Prompt -
What you return should be only the lines in the entries below between the one holding "8. School Bag burgundy with white logo" and the one holding "PLAQUES ABBEY STAVELOT", ends included, with every picture left out.

Supplied information -

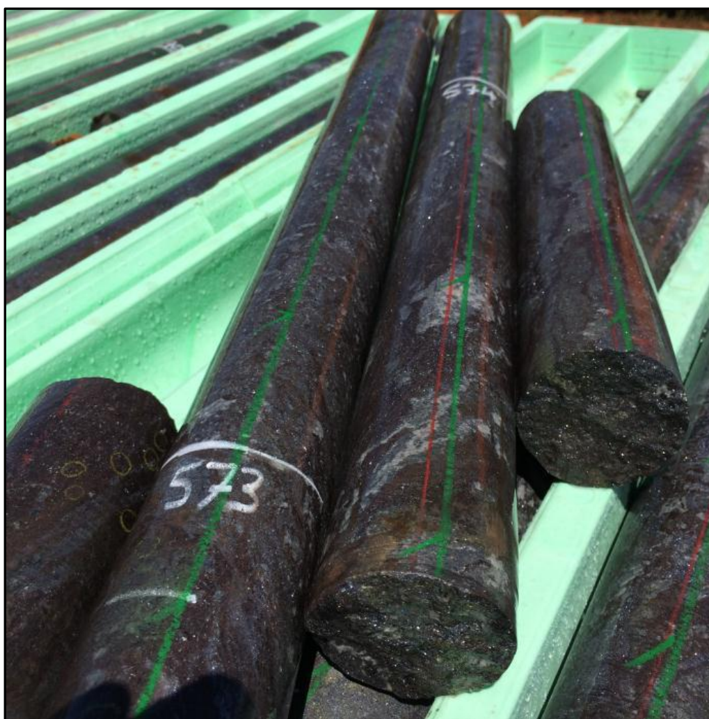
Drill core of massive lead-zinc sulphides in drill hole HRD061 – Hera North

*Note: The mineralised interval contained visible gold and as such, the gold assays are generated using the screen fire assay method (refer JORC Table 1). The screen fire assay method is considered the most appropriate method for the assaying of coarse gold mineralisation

==

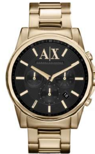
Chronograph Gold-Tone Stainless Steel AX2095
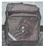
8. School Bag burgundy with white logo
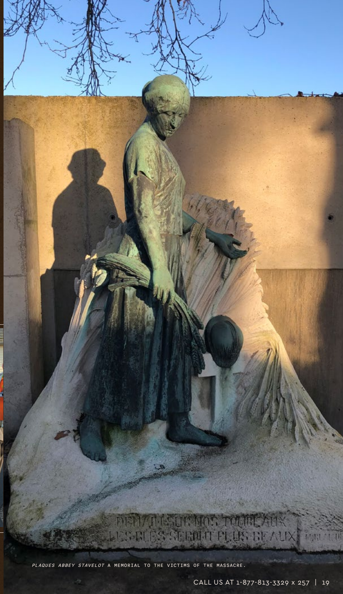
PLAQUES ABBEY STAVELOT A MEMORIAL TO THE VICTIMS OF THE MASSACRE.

...

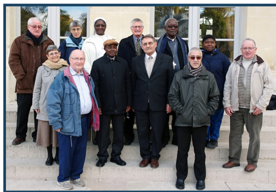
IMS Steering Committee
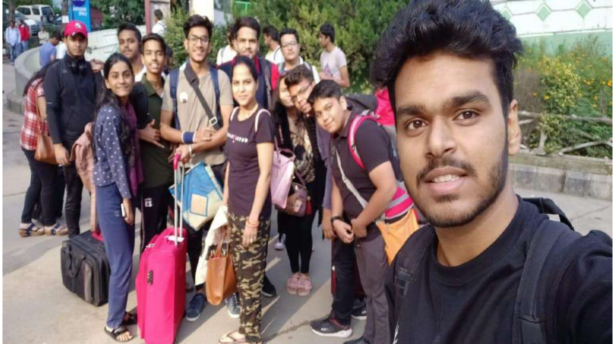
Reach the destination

Answer for this exercise -
8. School Bag burgundy with white logo
PLAQUES ABBEY STAVELOT A MEMORIAL TO THE VICTIMS OF THE MASSACRE.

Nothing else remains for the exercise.